What is needed: Using the data below, restate exactly every line from the one with "This canvas artwork" up to and including the one with "순위.(YES24 제공) |". No picture belongs in it.
(Information given Opens)
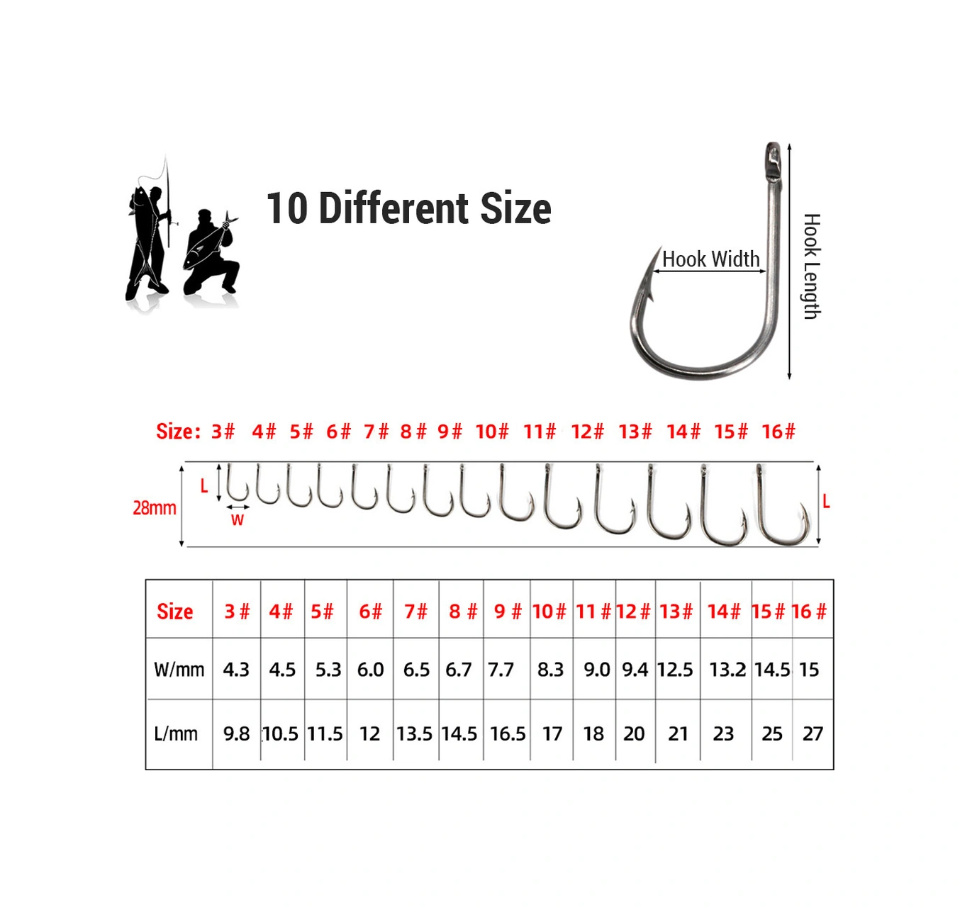 Ranyeek Lixada 600 Adet Delikli Çengelli Yüksek Karbonlu Çelik Balık Oltası Seti, 3 -12 10 Farklı Boyut, Siyah
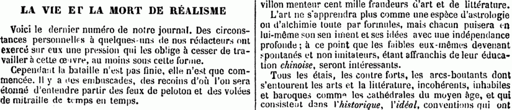 « Au premier numéro, on aura vu la bête Réalisme se traîner sur le ventre, comme les animaux naissant du chaos, puis peu à peu se dégager, et enfin le loup, avec son poil hérissé, marcher dans les chemins et montrer ses dents aux passants inquiétés. Aujourd’hui la bête est morte et elle va être empaillée par les naturalistes pour figurer dans les collections. — Réjouissez-vous ! Réalisme est mort, vive le Réalisme ! »
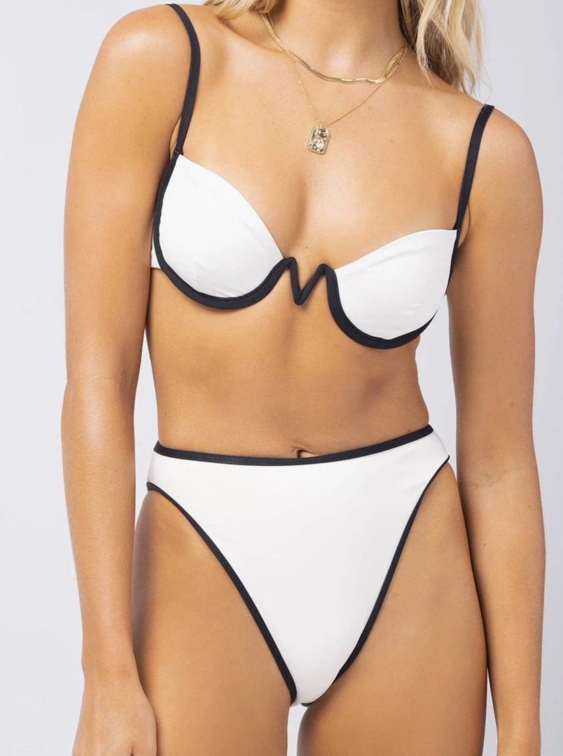 Designed to give you some structure to your day, the Nico Bikini Top is supported by an underwire that leads to a V shape center front, and comes with a demi cup along with a three point hook adjustment, adjustable straps, and contrast binding.
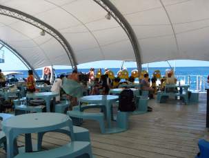 出発の15:30分までシュノーケル、体験ダイビングなど自由行動です。ポンツーンの地下にはガラス張りのリアル水族館もあります。
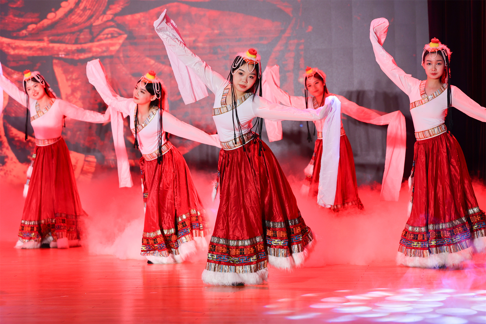 演出在精彩开场旗鼓舞狮表演《鼓舞新征程》中拉开序幕。整场晚会分为“回望初心路”“奋斗青春路”和“ 圆梦复兴路”三个篇章,集多种舞台表演形式,呈现出一场无与伦比的视听盛宴。一场音诗画《信仰》,生动讴歌了先烈坚贞不屈、追求自由的革命精神;中国民族舞《再唱山歌给党听》,用灵动柔美的舞姿,展示民族舞蹈的魅力;拉丁舞《说书人》融合了古风,一把折扇勾勒出别样的美感;诗朗诵《盛世中国》用声音传递真情,以真情赞颂祖国!最后,晚会在一曲《走向复兴》的大合唱中结束,交校师生将用嘹亮的歌声,唱出了交校师生的豪情和勇毅。师生和共建部队官兵的现场演出精彩纷呈,丰富的演出内容,精彩的舞台效果深深打动了现场观众,赢得了热烈而持久的掌声。
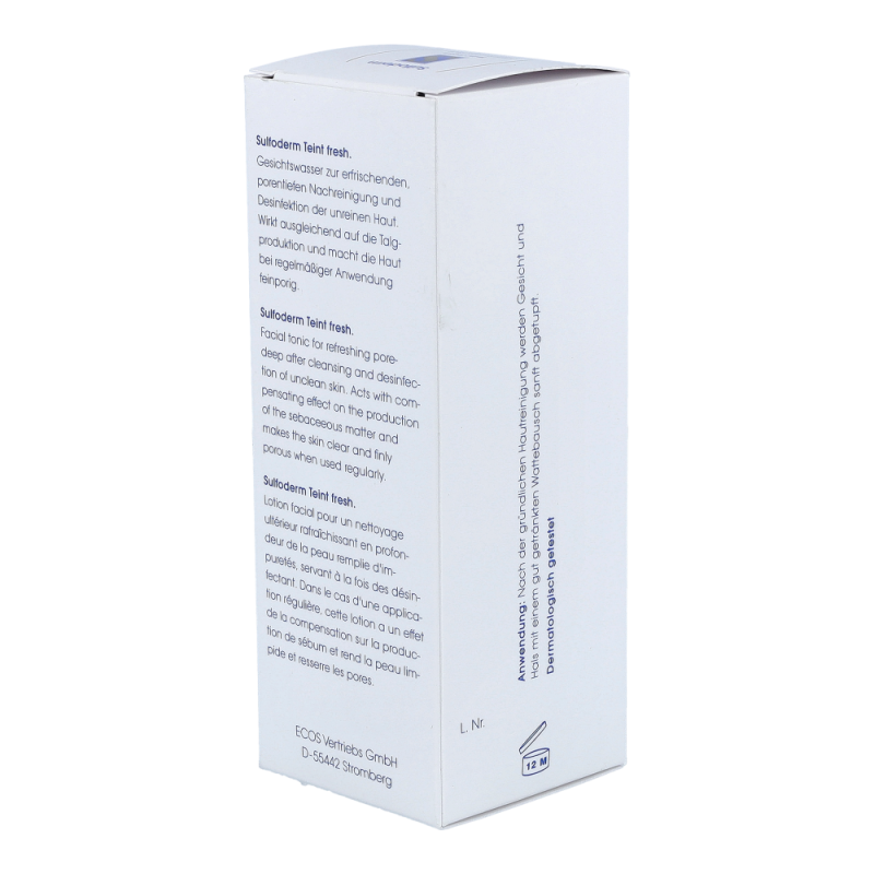 Sulfoderm S Teint Gesichtswasser Fresh ist ein porentief reinigendes und desinfizierendes Gesichtswasser, welches ausgleichend auf die übermäßige Talgproduktion der Haut wirkt.
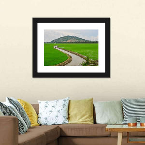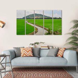 This canvas artwork captures the serene beauty of Vietnam's rice paddies, complete with a tranquil irrigation canal and a small boat drifting by. The realistic portrayal of lush greens, soft blues, and earthy browns creates a peaceful atmosphere that invites calmness into any space.
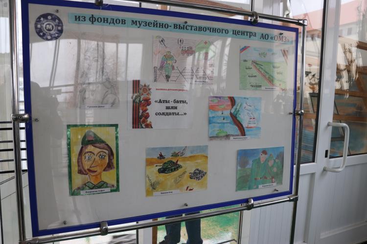 В преддверии 77-летия Великой Победы специалисты музейно-выставочного центра градообразующего предприятия организовали на проходной завода выставку детского рисунка «Аты-баты, шли солдаты».
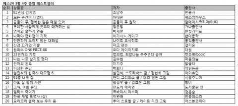 ▲예스24 3월 4주 종합 베스트셀러 순위.(YES24 제공) |
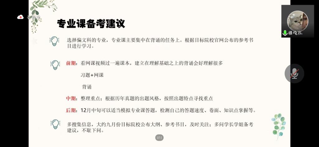 参加经验分享的学生是谭振姝、滕晓红、梁燕、乔骞,他们分别被北京第二完美(中国)一站式服务平台、曲阜师范大学、宁夏大学录取。谭振姝结合自身择校经历及备考过程,建议同学们在选择报考学校时应谨慎对待,根据个人兴趣选择报考专业,多了解当前社会热点和学界热点,不断拓宽知识面;建议备考过程中多研究真题,分析学校考试的侧重点。滕晓红通过讲述自己的考研经历、复习方法,鼓励同学们在备考中要坚定信心、坚守信念,勇敢的追逐梦想;考研是一场信息战,同学们要积极关注目标院校的微信公众平台,及时更新有关信息,并向大家推荐了一些可供学习的公众号平台和网课资料;乔骞从备考资料、备考进程、学习建议三方面分享了自己跨专业考研的心得体会,表示跨专业考研的同学要调整好心态,保持好状态;梁燕分享了自身在备考过程中不同学习阶段的详细规划,保持好良好心态,为自己营造浓厚的学习氛围,随后也分享了很多实用的小程序和软件。
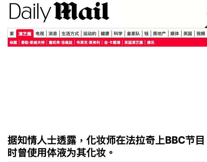 曾主持過BBC節目的歷史學家麗莎.希爾頓揭露,當英國唯一的保守派政黨---改革黨黨首法拉奇上BBC節目時,化妝師是使用被“各種人體排泄液體”蘸過的化妝筆化妝的。
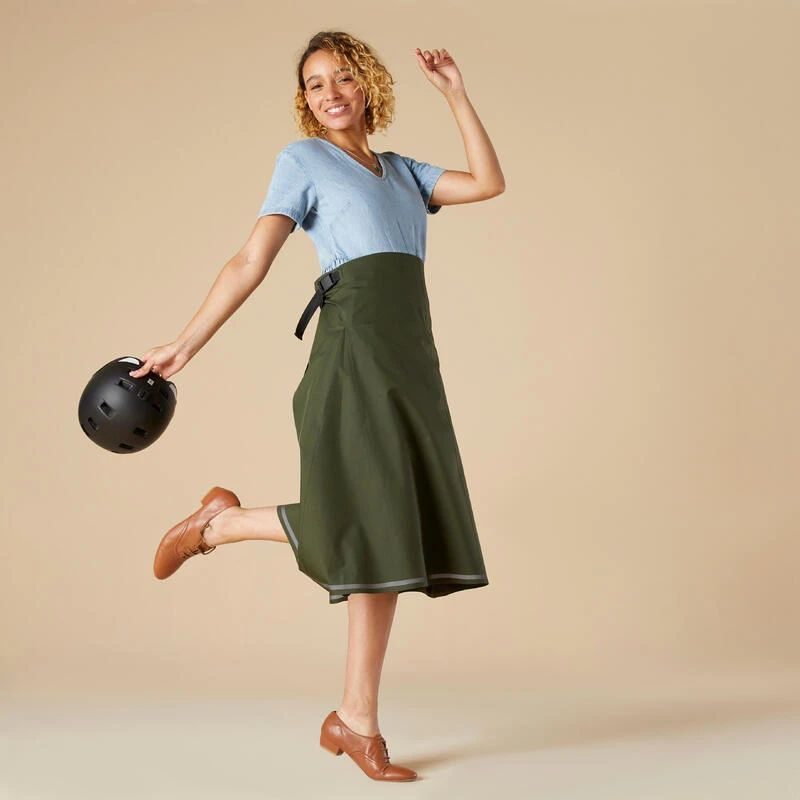 8643084Wil je je benen beschermen tegen de regen tijdens het fietsen of steppen? Deze waterdichte overrok is speciaal ontwikkeld voor dames.Laat je nooit meer overvallen door een bui met deze snel aan te trekken rok. Waterdichte en sterke stof. Ecodesigned, gemaakt in Frankrijk, perfect voor wie met de fiets naar het werk gaat.
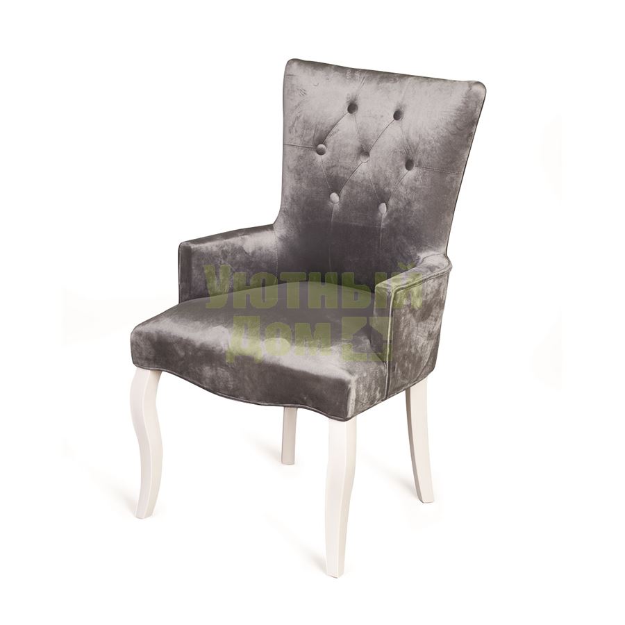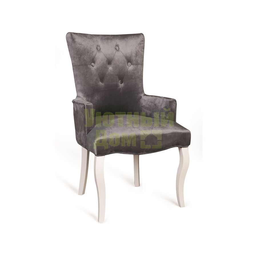 Стиль: Классический; Цвет каркаса: Белый; Обивка: Ткань; Материал каркаса: Массив березы; Тип сиденья: Мягкое; Подлокотники: С подлокотниками; Ширина: 52; Глубина: 56; Высота: 96; Форма поставки: В разобранном виде; Производство: Россия
(Information given Closes)
Task result:
 This canvas artwork captures the serene beauty of Vietnam's rice paddies, complete with a tranquil irrigation canal and a small boat drifting by. The realistic portrayal of lush greens, soft blues, and earthy browns creates a peaceful atmosphere that invites calmness into any space.
 В преддверии 77-летия Великой Победы специалисты музейно-выставочного центра градообразующего предприятия организовали на проходной завода выставку детского рисунка «Аты-баты, шли солдаты».
 ▲예스24 3월 4주 종합 베스트셀러 순위.(YES24 제공) |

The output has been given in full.